Review Summary: For all of my peoples, negroes and latinos…and even the gringos
To truly understand Black on Both Sides in the way it is intended one must first realize Mos Def’s (I will from here on refer to the artist as Yasiin Bey, his chosen name) initial success in Black Star.
The Black Star movement is interesting on a series of levels. It opposes the very foundations on which it’s built.
There would be no Black Star without the East/West rivalry, these two young black poets had reached boiling point. In the wake of Christopher Wallace’s death, the two dropped their then ongoing projects to take the power back. They finally had the hiccup to make their voices heard. In perhaps the most crucial time in the genre, they pioneered to shift the attention back to what this art form could cultivate. Black Star as a movement is personal, it’s a quest for peace in hip-hop, it’s a rally to bring perspective to a young black audience, then caught up in the danger and excitement of living vicariously through these two supreme figures of east and west. It’s less about Yasiin and Talib and more about two good Samaritans whom at the time thought they had a duty to their people of the past, the present and the future.
Taking what he’d learned from Black Star, Bey returned to his once benched debut, Black On Both Sides.

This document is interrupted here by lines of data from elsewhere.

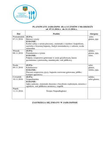 PLANOWANY JADŁOSPIS DLA UCZNIÓW I MŁODZIEŻY od 07.11.2016 r. do 11.11.2016 r. Dni Posiłek Poniedziałek ZUPA: 07.11.2016 Barszcz czysty II DANIE: Kotlet rybny z serem pieczony, ziemniaki z masłem i koperkiem, surówka z kiszonej kapusty, budyń śmietankowy z sokiem, woda mineralna Wtorek ZUPA: 08.11.2016 Pomidorowa z ryżem II DANIE: Pulpety wieprzowe gotowane w sosie grzybowym, kasza jęczmienna z pietruszką, mandarynki, sok jabłkowy Alergeny seler, gluten, jaja Środa 09.11.2016 seler, gluten, mleko, jaja, Czwartek 10.11.2016 Piątek 11.11.2016 ZUPA: Kalafiorowa II DANIE: Pieczeń wieprzowa, pyzy, kapusta czerwona gotowana, jabłko, kompot agrestowy ZUPA: Neapolitańska II DANIE: Jajko sadzone, ziemniaki duszone z boczkiem wędzonym, mizeria z ogórków, sok jabłkowo aroniowy, rogalik Święto Niepodległości ZASTRZEGA SIĘ ZMIANY W JADŁOSPISIE mleko, gluten, jaja, seler, mleko, seler,gluten,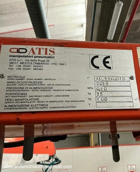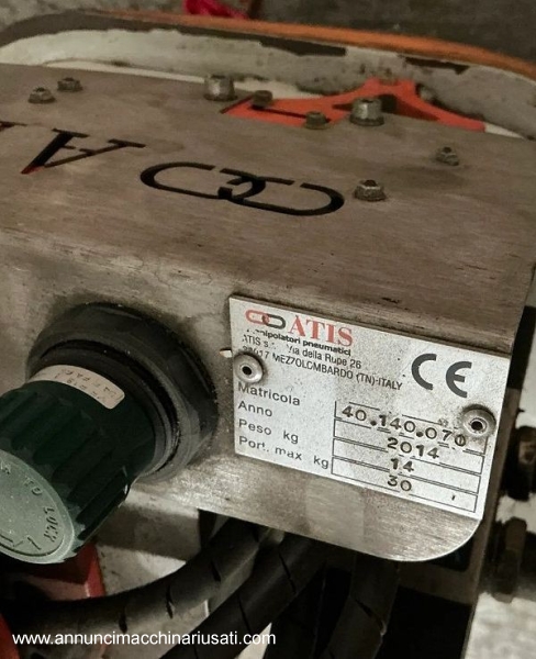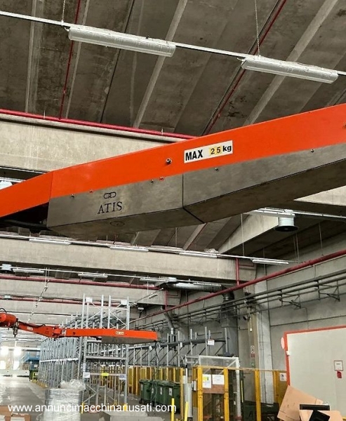 Manipolatore pneumatico Atis portata 25 kg, come nuovo e con documenti e CE. Altezza 2600 mm Lunghezza braccio 4000 mm Dimensione base 1000 x 1000 e non necessita fissaggio a terra.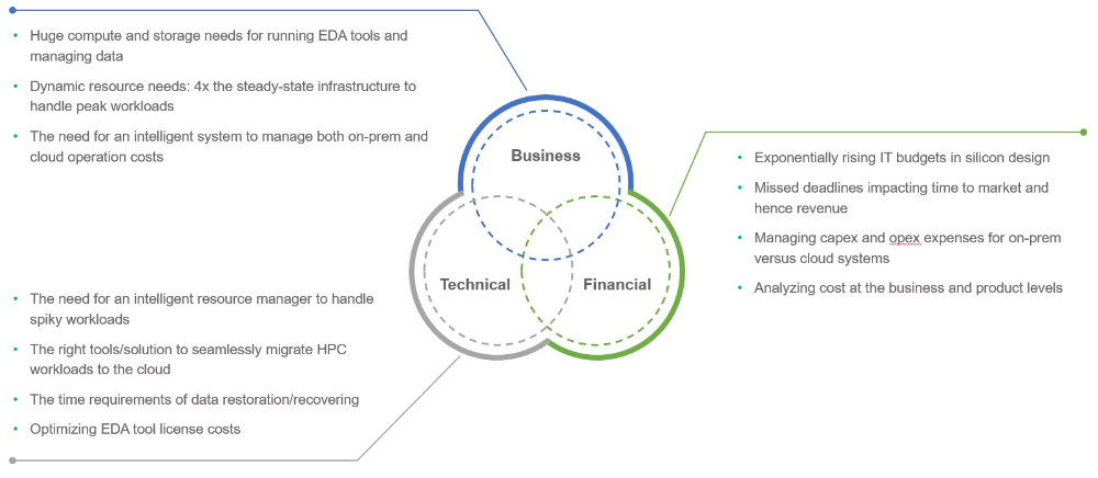The growth trajectory of semiconductors is continually increasing, resulting in accelerated silicon design cycles and compressed timelines. Technology nodes are also becoming increasingly complex — thinner, smarter, and faster — requiring significantly higher compute and storage demands. Figure 1 below depicts the typical challenges in handling silicon design workloads.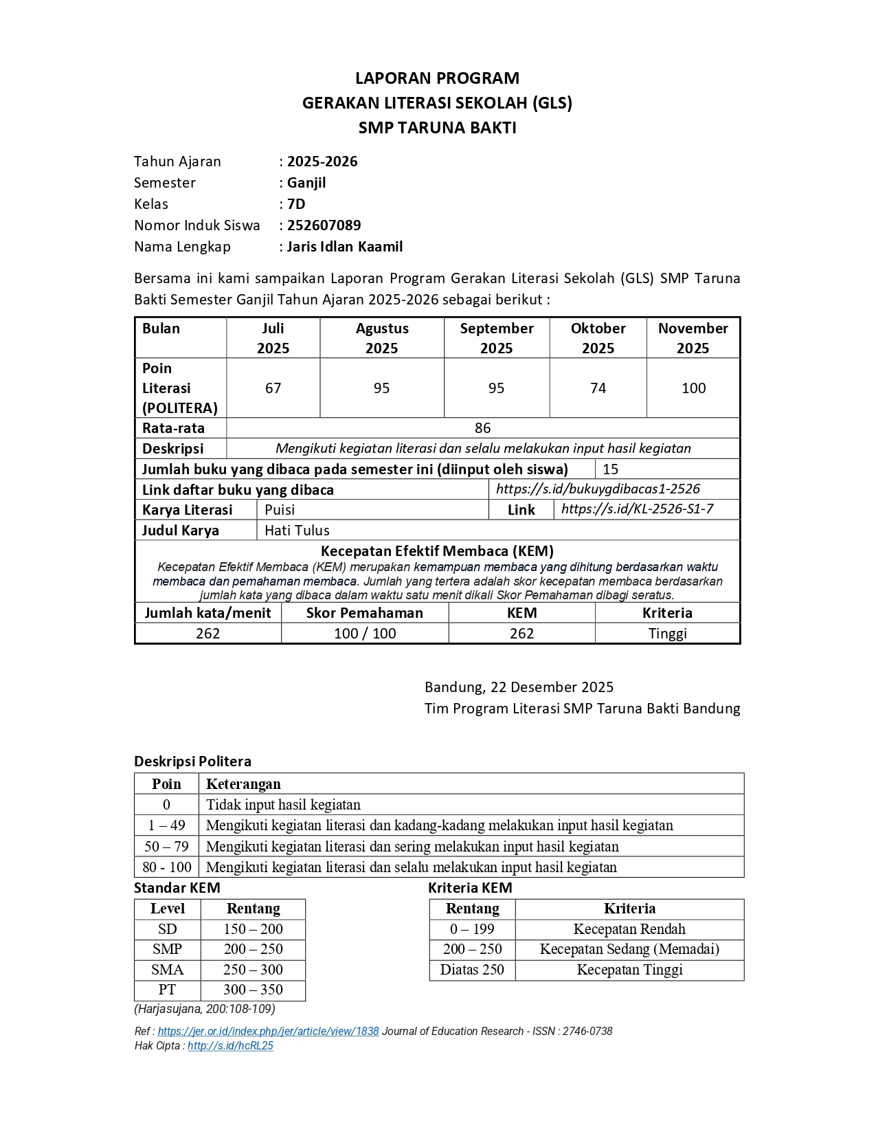 Rapor Literasi Rapor Literasi SMP Taruna Bakti October 2, 2024 Admin TIK Versi 3 (1 Des 2025) Versi 2 (23 Nov 2024) Versi 1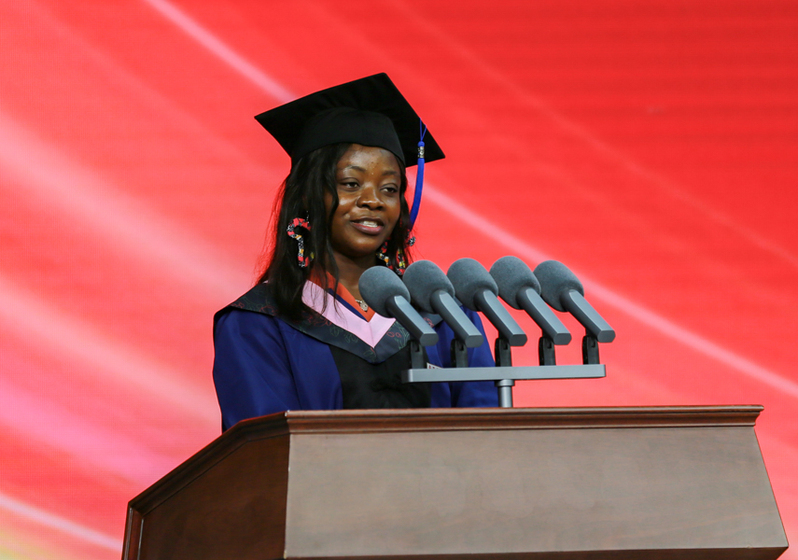 来自加纳的婷娜代表留学生发言。她说,中非是患难之交,中非友好关系不仅源远流长,而且历久弥坚。在通大的六年里,她一直梦想用在母校学到的知识,建设自己的国家,同时,她也表示会用自己的亲身经历,向加纳人民讲好中国故事。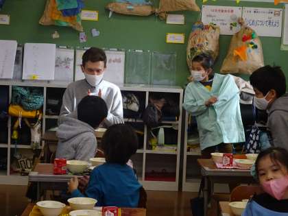 きゅう食時間に,ガレス先生が来てくれました。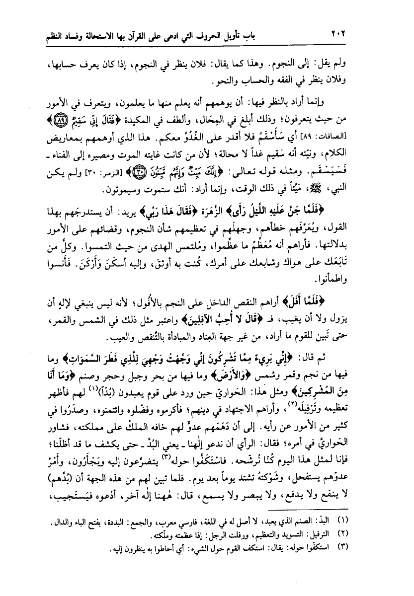 فَلَمَّا أَفَلَ أراهم النقص الداخل على النجم بالأفول، لأنه ليس ينبغي لإله أن يزول ولا أن يغيب، ف قالَ لا أُحِبُّ الْآفِلِينَ واعتبر مثل ذلك في الشمس والقمر، حتى تبين للقوم ما أراد، من غير جهة العناد والمبادأة بالتّنقص والعيب.

Yasiin Bey’s artistry lies in his lyrics. He’s a poet, first and foremost. Every ounce of brilliance (The level of brilliance is subject to debate however the acceptance that brilliance is apparent is universal) that Bey provides on this record stems from his skills as a writer. What warrants Black on Both Sides the nomination of the title ‘classic’* is both in part the combination of the artists personal ideology and each producer that were able to meditate along to Bey’s vision and use it as the structure of their own personal creative route to propel it. The reason this piece can even be discussed on this level is not in full credit to the artist but to his support base who cultivated his idea as much as Bey did himself.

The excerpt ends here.